Turbines historically finding application at low head levels have included variations of propeller type turbines such as Archimedean screw turbines or progressive cavity devices such as waterwheels, in which a bucket delivers a quantity of water from an upper elevation to a lower elevation, and the water quanta moves at the same speed as the bucket. Consequentially, these types of devices operate slowly and must be very large in order to pass large quantities of water.
Propeller turbines and their derivatives, such as Kaplan turbines, can pass large quantities of water moving at high velocity across turbine blades, but these units often need to be installed at a relatively low elevation with respect to the water level downstream of the turbine, to prevent operating problems such as cavitation.
Consequentially, conventional turbines designed to produce power from low heads have typically been highly expensive, with extensive civil works necessitated by the operation requirements of the turbines, often introducing environmental concerns, and often requiring remote location away from most users of electricity. Accordingly, there remains a need for a simple, continuous duty turbine that is capable of operating efficiently under Very Low Head (VLH) conditions, especially at heads of 10 metres or less.
Before turning to a summary of the solution provided by the present invention, it should be appreciated that reference to any prior art in this specification is not, and should not be taken as, an acknowledgment or any form of suggestion that this prior art is either well known or forms part of the common general knowledge in any country.
Also, the following description will use directional terms such as downward and downwardly, upward and upwardly, lower and upper, and above and below, which will be used with reference to the impulse turbine of the invention when positioned for rotation about its vertical axis. Further, there will also be references to inner and outer, and inwardly and outwardly, which will be radial references, again made with respect to a centrally positioned vertical axis of rotation.
A skilled addressee will understand that impulse turbines are traditionally those in which a liquid flows, typically water and typically in large volumes and at high pressures (often due to the effects of gravity), to a static nozzle where a pressurised jet of liquid impacts onto drive cups (also referred to as buckets or blades) of a rotating wheel, such as a rotating wheel of the Pelton-type, with the rotation of that wheel then producing the required torque and work output.
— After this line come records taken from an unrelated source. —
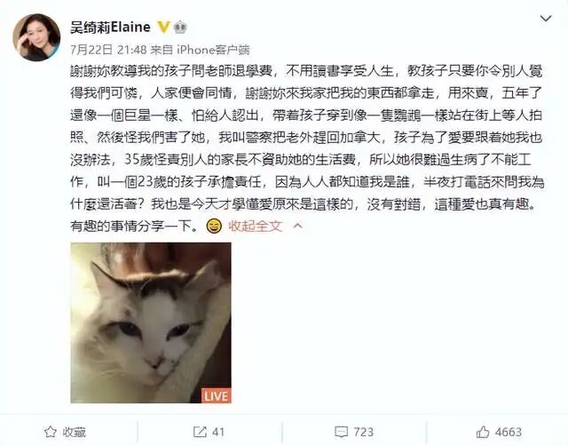 在今年7月份的时候,吴绮莉突然通过微博有感而发,聊到了女儿的一些事情,说是很多人误会了她,其实并不是她不想管吴卓林,而是吴卓林受到了Andi的蛊惑,总想着从她这里搞生活费。
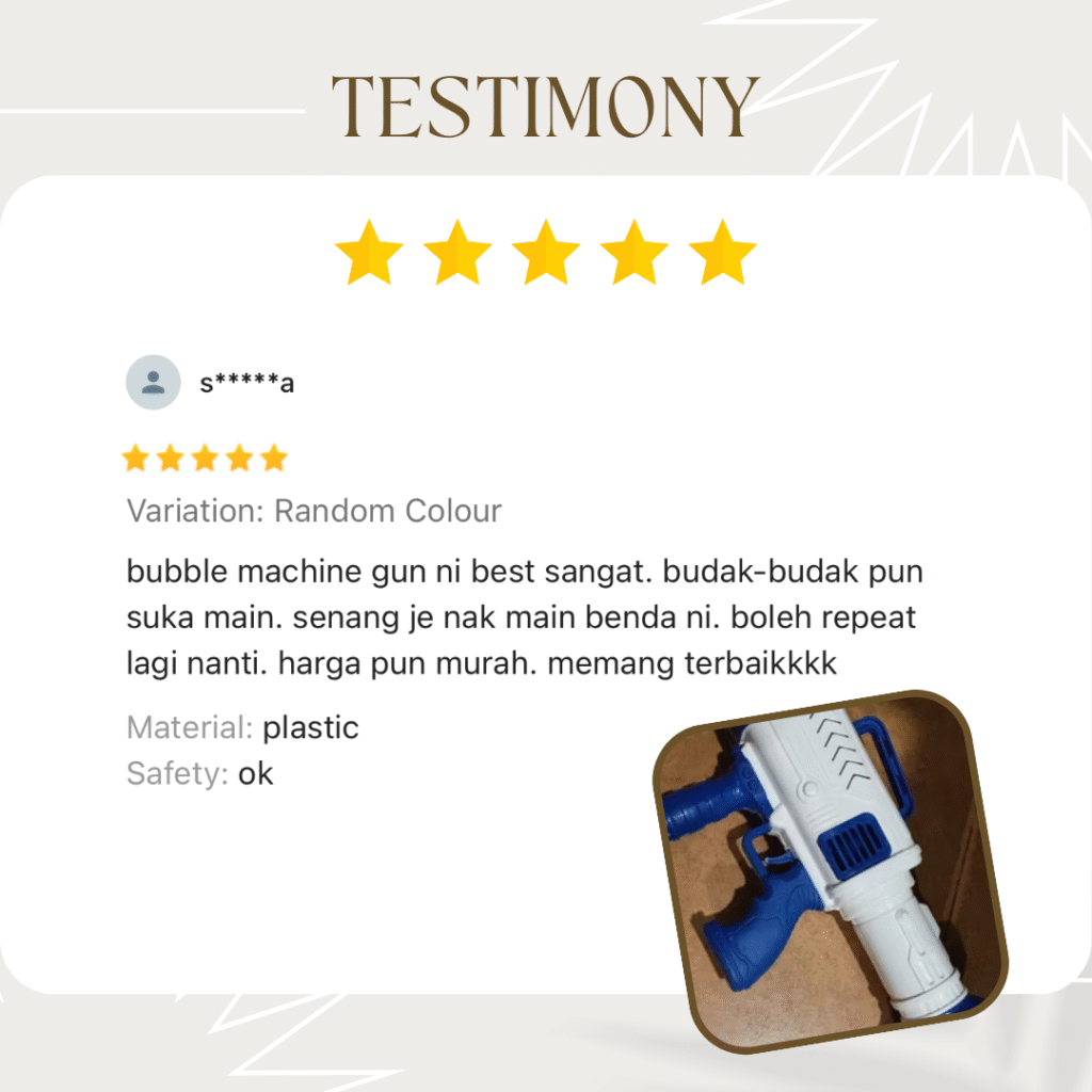 | Susah nak cari aktiviti bonding dengan anak π¨βπ©βπ§βπ¦ | Bubble Gun sesuai untuk aktiviti parent-child interaction π€ |
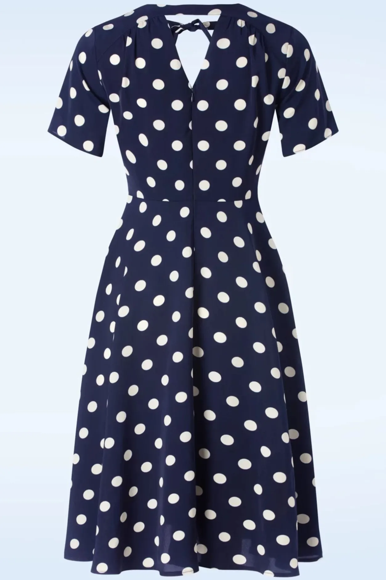 ”Feeling Flirty In Polkadots!” Deze Prachtige Swing Jurk Is Uitgevoerd In Een Marineblauwe, Soepele En Luchtige, Licht Glanzende Stof, Voorzien Van Crèmekleurige Polkadots.

In this respect, there will be some references made hereafter to a Pelton-type collector assembly and collector plate, which will be understood by a skilled addressee to be a general reference to a radial arrangement of drive cups similar in nature to that found on the rotating wheel of a Pelton-type impulse turbine. However, importantly, it must be appreciated that the broadest form of the invention is not be limited to Pelton-type arrangements where static nozzles interact with rotating drive cups. The Pelton-type arrangements envisaged to be relevant to the present invention include rotating nozzles interacting with static drive cups, and rotating nozzles interacting with rotating drive cups, there thus simply being relative rotation between nozzles and drive cups.
The present invention provides a recirculating hydro-pneumatic impulse turbine, the impulse turbine including:
The above recirculating hydro-pneumatic impulse turbine might be useful in a power generation system, the power generation system including the recirculating hydro-pneumatic impulse turbine, a turbine starter system, a turbine braking system and a generator, wherein:
In relation to such a power generation system, it will be appreciated that the turbine starter and the braking system may simply be traditional components used for these same purposes, suitably sized in terms of the system's power requirements, while the generator (again suitably sized) may simply be a normal type of generator traditionally used for similar purposes. In this respect, it will also be appreciated that in the power generation system, it may be ideal to additionally include some type of traditional speed regulation device, such as a parasitic speed regulation device of the type used in standard industrial drive systems.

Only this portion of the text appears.